By Avishek Garain, Computer Science and Engineering at Jadavpur University, Kolkata, West Bengal, India
While doing research for a paper on sentiment analysis and review categorization, we collected 69,308 reviews of hotels around the world. Our dataset includes two files: one with organized raw data and another with extracted sentiment value. The raw data included headings such as hotel name and location, trip type (e.g., business trip or vacation), review text, and the users thoughts on various features of the hotel including value, cleanliness, service, location, sleep quality, room quality, check in service, and business service.

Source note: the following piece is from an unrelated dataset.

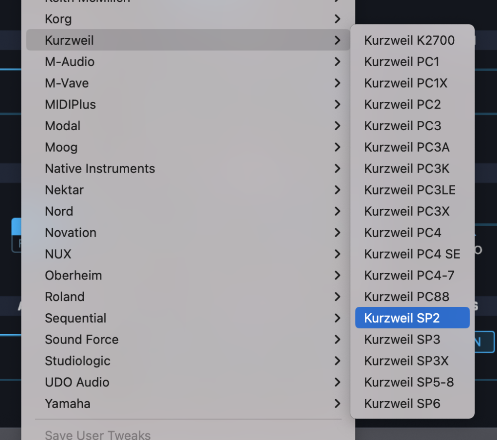 - From the drop-down menu, select “Kurzweil > Kurzweil SP2” to activate the SP2 hardware profile.

Our sentiment file extracted from the raw data the review ID and text, then assigned a sentiment value of -1 (negative), 0 (neutral), or +1 (positive) based on the review text.
Our dataset used fuzzy techniques outlined in the “Special Issue on Soft Computing for Recommender Systems and Sentiment Analysis” in the Elsevier Journal of Applied Soft Computing. This dataset is new to its domain and the results have achieved a macro f-1 effectiveness score of 86 percent. We are already seeing people use this dataset to create knowledge bases for marketing and customer service applications such as chatbots, and business applications like named entity recognition, sentiment analysis and review categorization.
Benefits of Hosting Data on the IEEE DataPort Platform
Above all else, IEEE DataPort provides global exposure for my data and this exposure helps to create reproducible research. Other high-quality datasets on IEEE DataPort, such as a popular sentiment analysis on tweets, have inspired many projects like my own.
The dataset from the research conducted by Avishek Garain won the Spring 2020 IEEE DataPort Data Competition.